REQUIREMENT
The lines from the one containing "In the Boston" through the last one in the data: please copy those exactly, and only those, without the pictures.

+---+

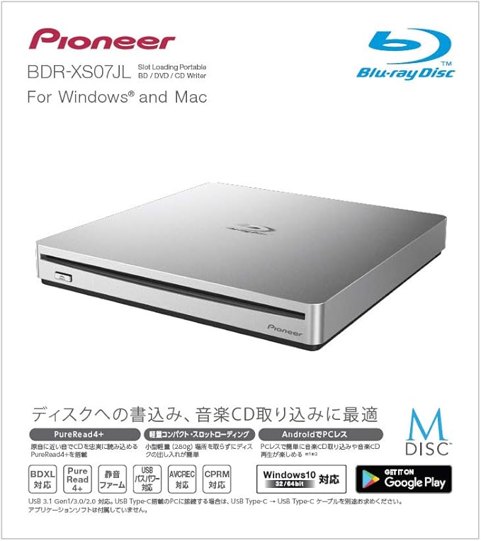 pioneer パイオニア スロットインタイプ ポータブルブルーレイドライブ for win mac ソフト無モデル シルバー bdr xs07jl
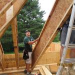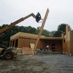 In the Boston suburb of Wayland, Mass., crews from Auburndale Builders are building the company’s first Passive House project. The building’s form is somewhat unusual for a Passive House — instead of sticking to a simple, boxy form to simplify the construction details and energy analysis, designer Donald Grose has drawn a dramatic, but traditional building with a cut-up footprint and a fourteen-pitch hipped roof.
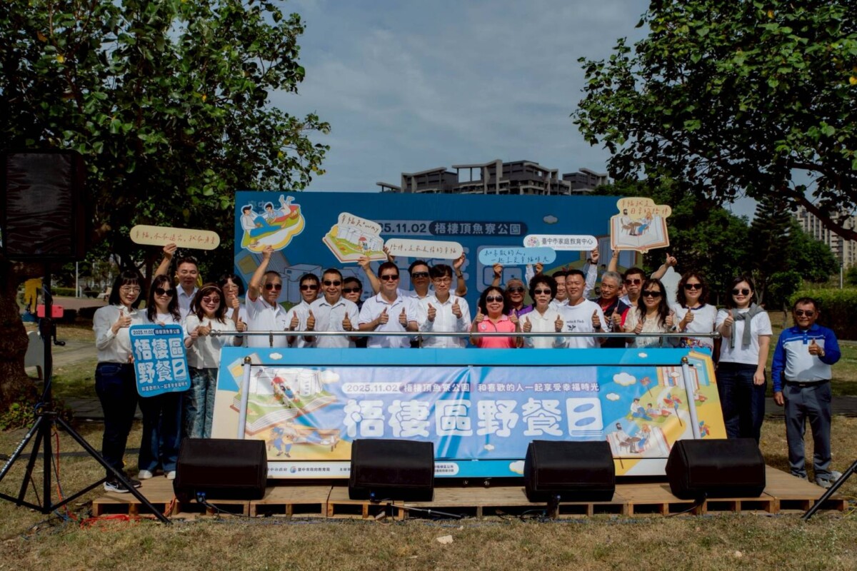 台中市民野餐日今(2)日於全市29區同步登場,為秋日城市注入滿滿幸福能量,由台中市政府教育局與梧棲區公所攜手舉辦的「梧棲區市民野餐日」在頂魚寮公園熱鬧展開,現場陽光明媚、海風輕拂,公園中瀰漫著音樂、書香與笑聲交織的美好氛圍。
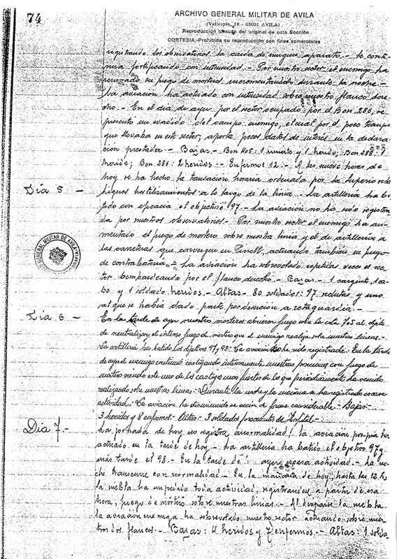 | Contenido: Diario de operaciones del estado mayor de la 72ª Brigada Mixta. Se producen diversos enfrentamientos con las tropas franquistas, con intervención de fuego de morteros y aviación. A medida que pasa la jornada se intensifican los ataques enemigos. |
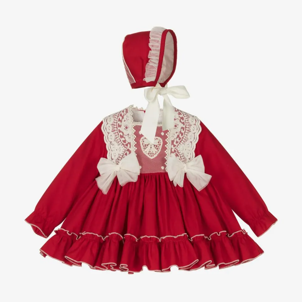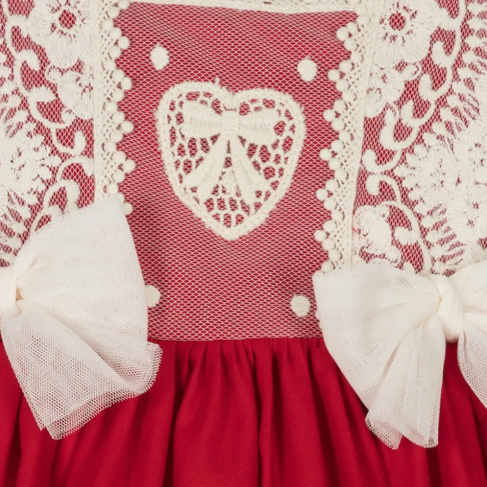 Baby Girls Red Cotton & Lace Dress Set

+---+

TASK ANSWER
 In the Boston suburb of Wayland, Mass., crews from Auburndale Builders are building the company’s first Passive House project. The building’s form is somewhat unusual for a Passive House — instead of sticking to a simple, boxy form to simplify the construction details and energy analysis, designer Donald Grose has drawn a dramatic, but traditional building with a cut-up footprint and a fourteen-pitch hipped roof.
 台中市民野餐日今(2)日於全市29區同步登場,為秋日城市注入滿滿幸福能量,由台中市政府教育局與梧棲區公所攜手舉辦的「梧棲區市民野餐日」在頂魚寮公園熱鬧展開,現場陽光明媚、海風輕拂,公園中瀰漫著音樂、書香與笑聲交織的美好氛圍。
 | Contenido: Diario de operaciones del estado mayor de la 72ª Brigada Mixta. Se producen diversos enfrentamientos con las tropas franquistas, con intervención de fuego de morteros y aviación. A medida que pasa la jornada se intensifican los ataques enemigos. |
 Baby Girls Red Cotton & Lace Dress Set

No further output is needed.